Bodies stacked in “macabre woodpile” in South Carolina prison riot, inmate says


These undated photos provided by the South Carolina Department of Corrections shows, from top row from left, Corey Scott, Eddie Casey Gaskins, Raymond Angelo Scott and Damonte Rivera; bottom row from left, Michael Milledge, Cornelius McClary and Joshua Jenkins. The seven inmates were killed, and at least 17 prisoners wounded, in a riot at the Lee Correctional Institution on early Monday, April 16, 2018, in Bishopville, S.C. (South Carolina Department of Corrections via AP)

COLUMBIA, S.C. — As the hours dragged on during a riot at a South Carolina prison, bodies piled up on the sidewalk. An inmate inside watched in dismay as several fellow prisoners, two he knew well, lay dead and dying, their bodies leaving trails of blood leading back inside the prison walls.

One bloodied man tried to get up before he “started into that ‘death rattle’ people often hear about, but never experience firsthand,” the inmate told The Associated Press after the attack. Moments later, the dying man was silent, another casualty of the night’s events.

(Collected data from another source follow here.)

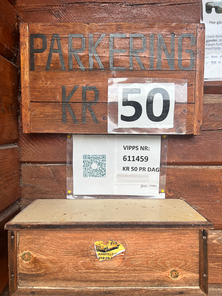 Her parkerte vi på jordet ved den innerste gården. Vipps gjør det lett å ta godt betalt for parkering.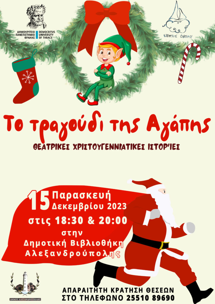 Η θεατρική ομάδα «Κιβωτός ονείρου» του Τμήματος Επιστημών της Εκπαίδευσης στην Προσχολική Ηλικία της Σχολής Επιστημών Αγωγής του Δημοκρίτειου Πανεπιστημίου Θράκης, παρουσιάζει Χριστουγεννιάτικα δρώμενα για παιδιά με τίτλο «Το τραγούδι της αγάπης».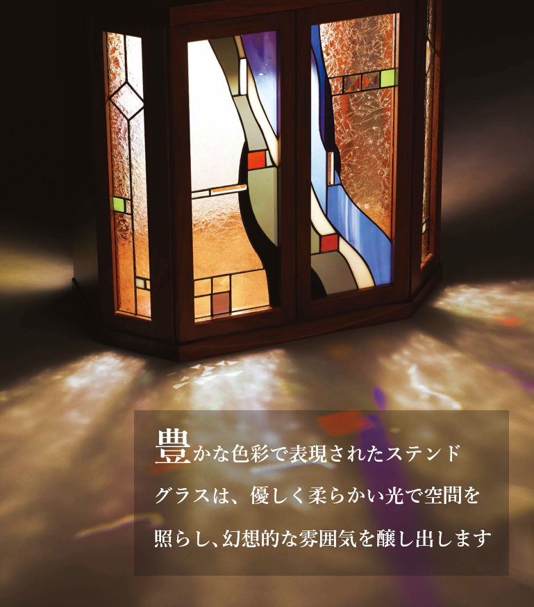 豊かな色彩で表現されたステンドグラスは柔らかい光で空間を照らし幻想的な雰囲気を醸し出します。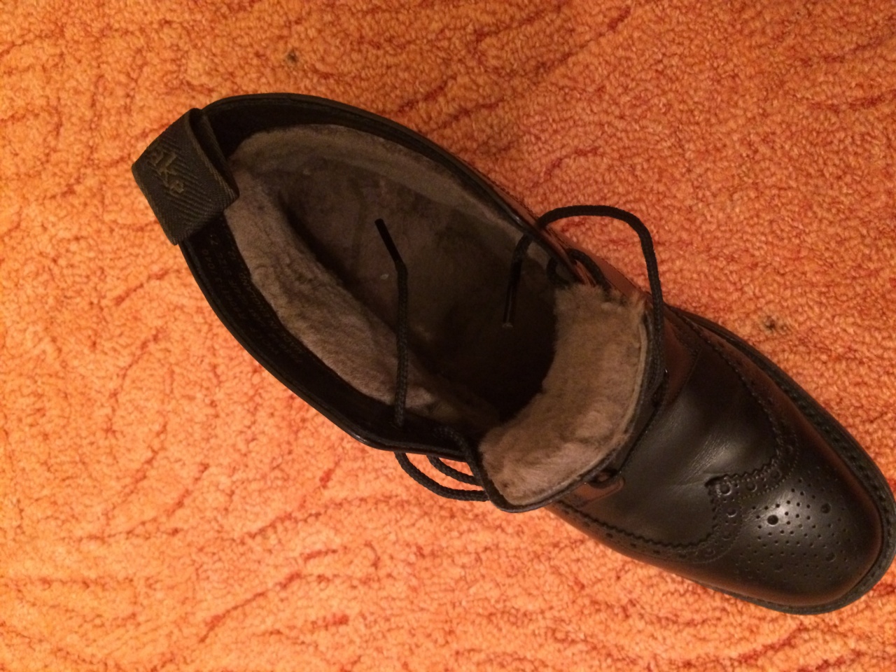 Компания Loake впервые произвела модель на меху. Loake Wolf Black — это полные броги, по-настоящему теплые и практичные. Они согреют в самые суровые русские морозы. Дополнительно поможет противостоять морозам английская подошва Dainite. Обувь изготовлена в Англии.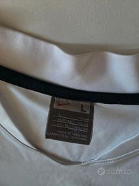 🔹️Maglia Nike sportiva, Uomo, manica corta, bianca con inserti neri, logo Nike sul petto e numero 7 sul retro.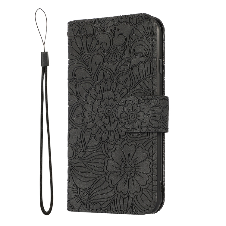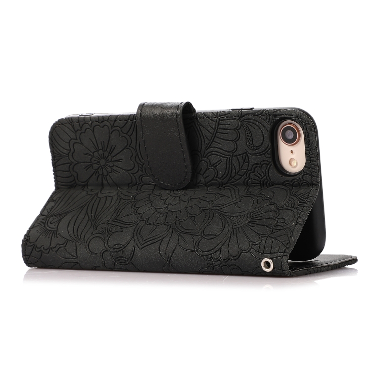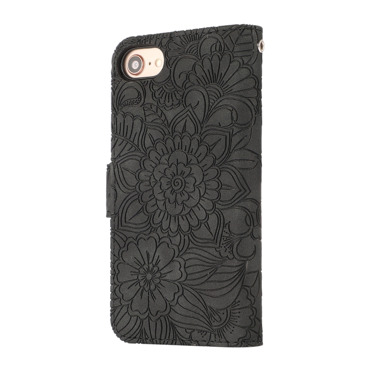 Funda de Cuero Siente la Piel Girasol En Relieve Horizontal con Soporte y Ranuras para Tarjetas y Billetera y Cordón para iPhone 6 / 6S (Negro)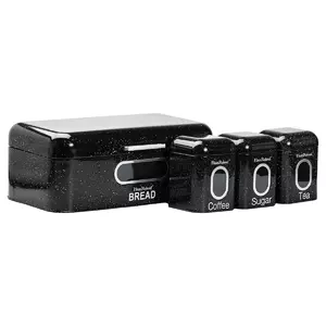 Всі предмети з набору виготовлені з нержавіючої сталі, яка не вбирає запахів, легко чиститься. Хлібниця оснащена відкидною кришкою, щільно закривається та дає можливість надовго зберегти свіжість хлібобулочних виробів та здоби.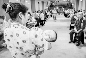 7月9日,一小朋友在渝北区凉爽的纳凉点内酣睡。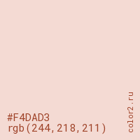 Цвет #F4DAD3 в цветовой модели RGB обозначается тремя октетами (244, 218, 211) в десятичном формате и #F4DAD3 в шестнадцатиричном (hex) формате, которые являются интенсивностью красного 244 (hex F4), интенсивность зелёного 218 (hex DA) и интенсивность синего 211 (hex D3).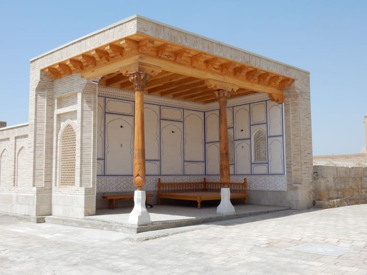 A shaded porch at Chor Bakr Memorial Complex, Bukhara, Uzbekistan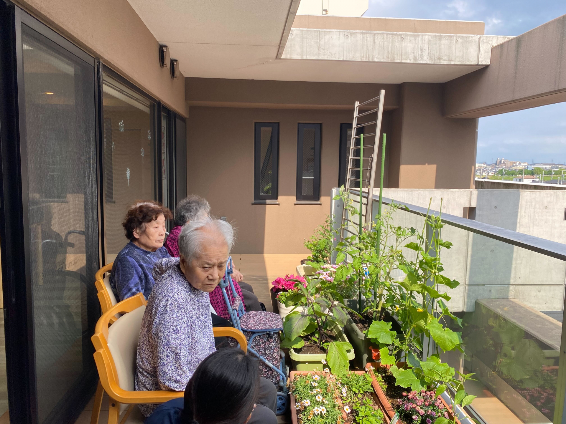 ベランダの菜園再開時点からよく気になり、ベランダに出たいご利用者様が増えて、嬉しいです。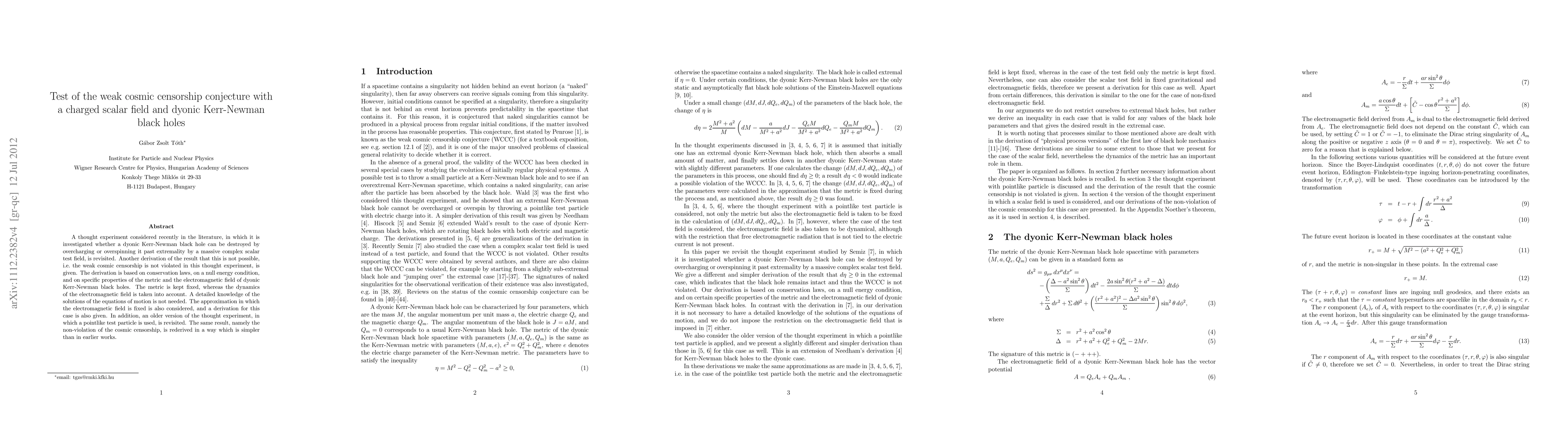 A thought experiment considered recently in the literature, in which it is investigated whether a dyonic Kerr-Newman black hole can be destroyed by overcharging or overspinning it past extremality by a massive complex scalar test field, is revisited. Another derivation of the result that this is not possible, i.e. the weak cosmic censorship is not violated in this thought experiment, is given. The derivation is based on conservation laws, on a null energy condition, and on specific properties of the metric and the electromagnetic field of dyonic Kerr-Newman black holes. The metric is kept fixed, whereas the dynamics of the electromagnetic field is taken into account. A detailed knowledge of the solutions of the equations of motion is not needed. The approximation in which the electromagnetic field is fixed is also considered, and a derivation for this case is also given. In addition, an older version of the thought experiment, in which a pointlike test particle is used, is revisited. The same result, namely the non-violation of the cosmic censorship, is rederived in a way which is simpler than in earlier works.

The inmate sent messages to AP as events unfolded overnight Sunday into Monday morning at Lee Correctional Institution. At the end of the seven-hour ordeal, seven inmates lay dead, with 17 others sent to hospitals for treatment.

With many cell door locks broken at Lee, a maximum-security prison, the inmate told AP he freely went outside, where he said he saw bodies “literally stacked on top of each other, like some macabre woodpile.”

State officials Monday blamed the carnage on a turf war between gangs over territory, money and contraband items like cellphones. For seven hours, Corrections Director Bryan Stirling said, inmates armed with handmade knives fought each other, leaving seven dead in the worst U.S. prison riot in a quarter-century. Most of the slain were stabbed or slashed; the remainder appeared to have been beaten, Lee County Coroner Larry Logan said.

The first fight started in a dorm about 7:15 p.m. Sunday and appeared to be contained before suddenly starting in two other dorms. No prison guards were hurt. Stirling said they followed protocol by backing out and asking for support. It took several hours to restore order, but once a special SWAT team entered, the inmates gave up peacefully, he said.